Records for the exercise ▸
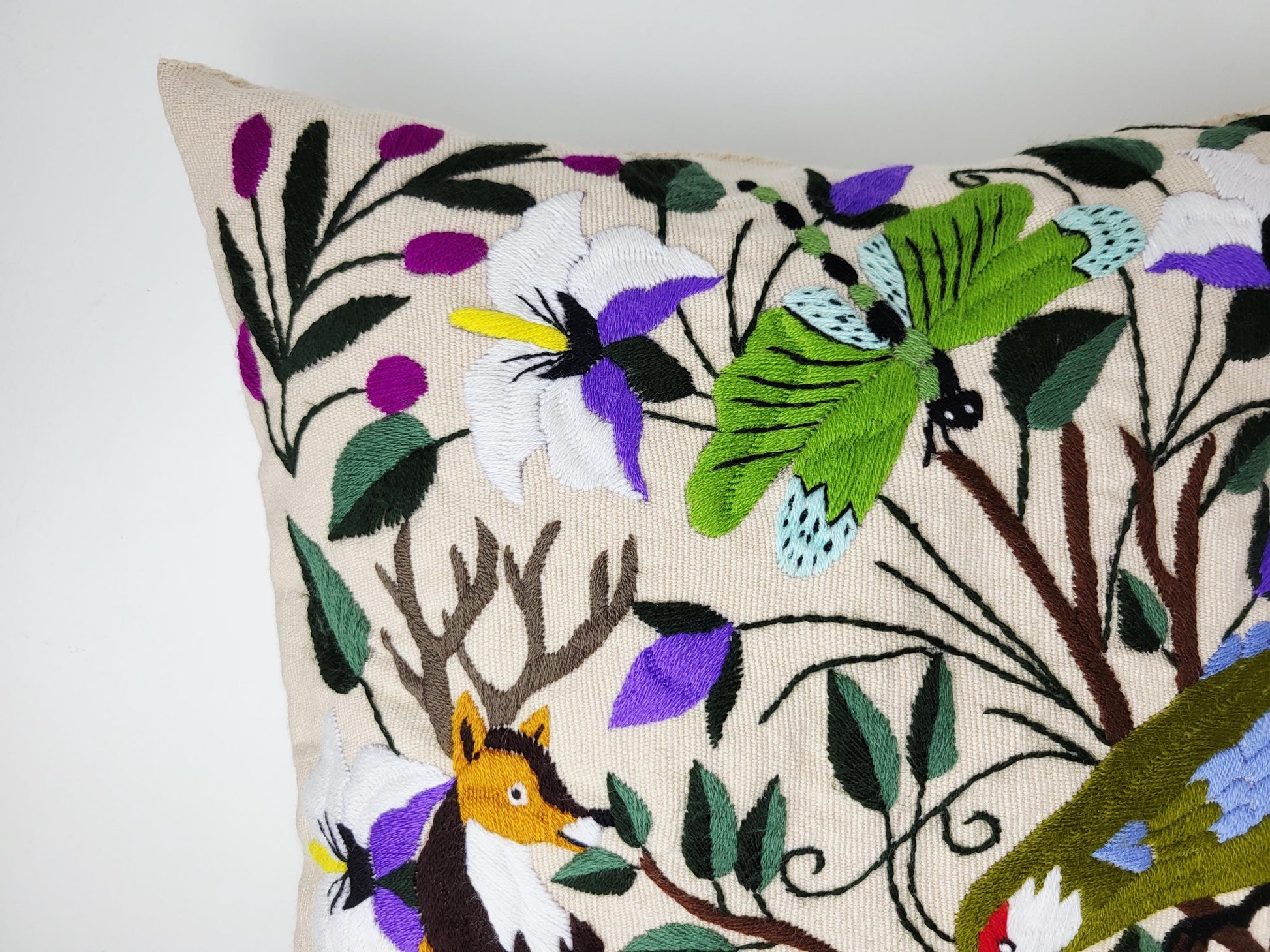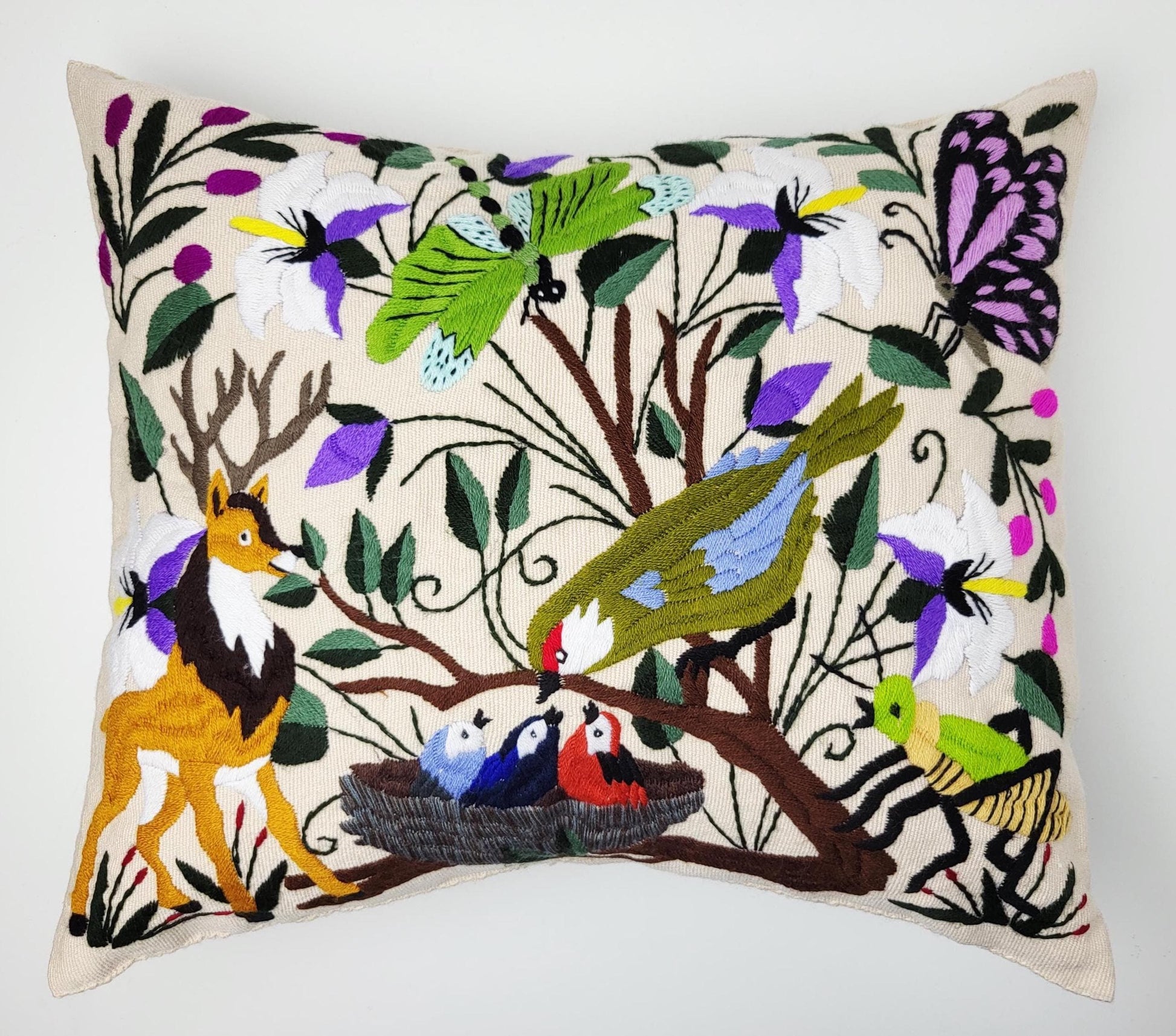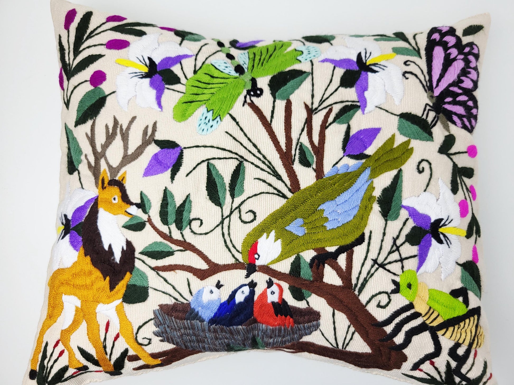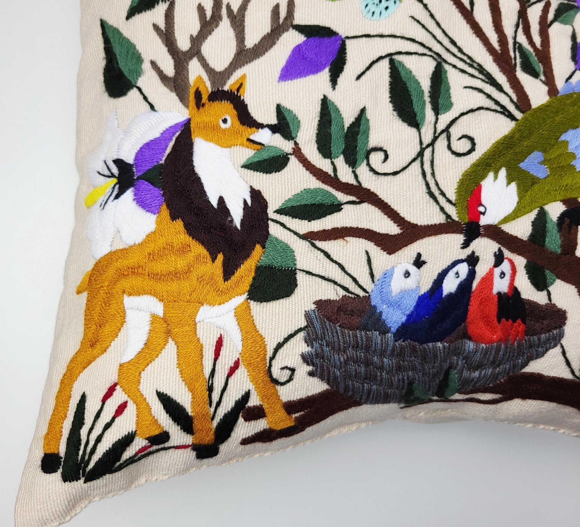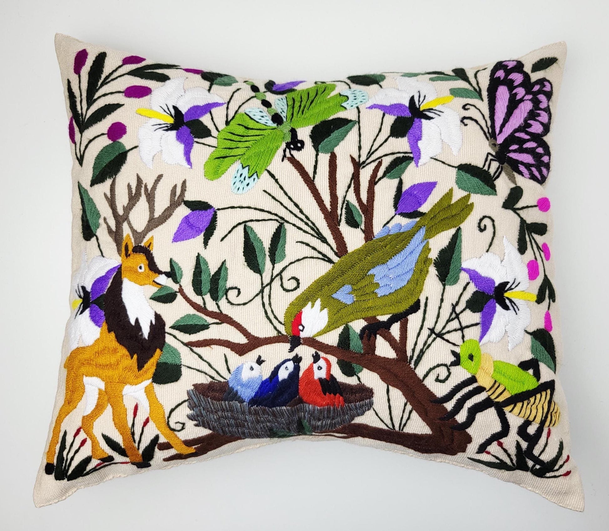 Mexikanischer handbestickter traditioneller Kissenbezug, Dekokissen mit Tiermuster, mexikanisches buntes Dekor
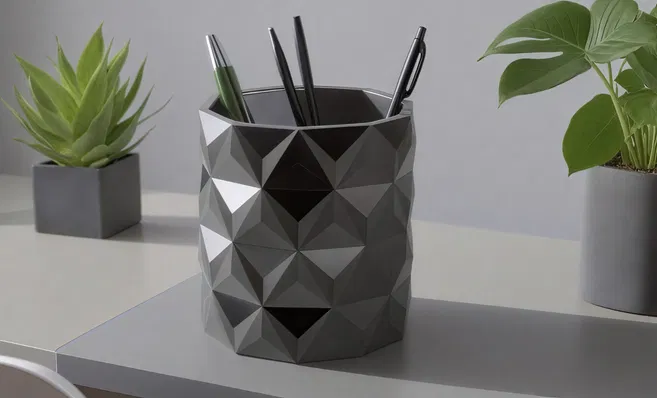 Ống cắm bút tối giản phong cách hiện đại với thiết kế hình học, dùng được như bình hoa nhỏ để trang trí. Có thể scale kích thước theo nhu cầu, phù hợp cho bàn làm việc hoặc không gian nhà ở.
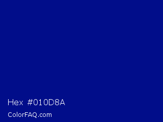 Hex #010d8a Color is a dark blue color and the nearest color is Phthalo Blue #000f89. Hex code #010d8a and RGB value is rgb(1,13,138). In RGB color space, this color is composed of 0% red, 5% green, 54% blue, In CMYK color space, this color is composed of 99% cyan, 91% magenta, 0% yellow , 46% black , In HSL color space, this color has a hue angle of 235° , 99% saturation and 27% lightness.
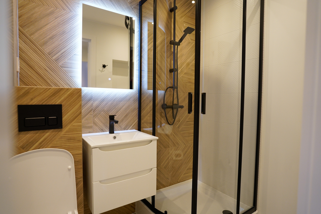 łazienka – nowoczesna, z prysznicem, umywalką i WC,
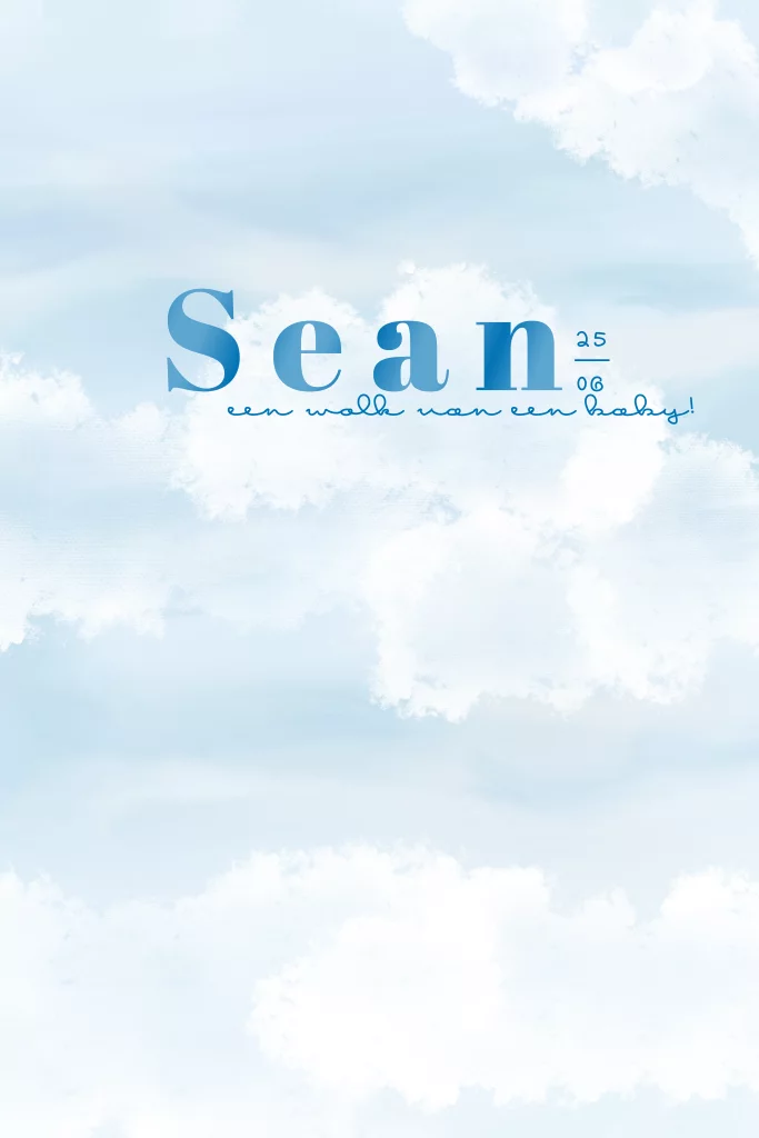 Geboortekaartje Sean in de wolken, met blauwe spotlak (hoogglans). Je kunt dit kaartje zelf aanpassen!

Prompt ▸ Repeat only the lines from the one holding "Ống cắm bút" through the last line of the data, inclusive. Keep the pictures out.

Output for this exercise ▸
 Ống cắm bút tối giản phong cách hiện đại với thiết kế hình học, dùng được như bình hoa nhỏ để trang trí. Có thể scale kích thước theo nhu cầu, phù hợp cho bàn làm việc hoặc không gian nhà ở.
 Hex #010d8a Color is a dark blue color and the nearest color is Phthalo Blue #000f89. Hex code #010d8a and RGB value is rgb(1,13,138). In RGB color space, this color is composed of 0% red, 5% green, 54% blue, In CMYK color space, this color is composed of 99% cyan, 91% magenta, 0% yellow , 46% black , In HSL color space, this color has a hue angle of 235° , 99% saturation and 27% lightness.
 łazienka – nowoczesna, z prysznicem, umywalką i WC,
 Geboortekaartje Sean in de wolken, met blauwe spotlak (hoogglans). Je kunt dit kaartje zelf aanpassen!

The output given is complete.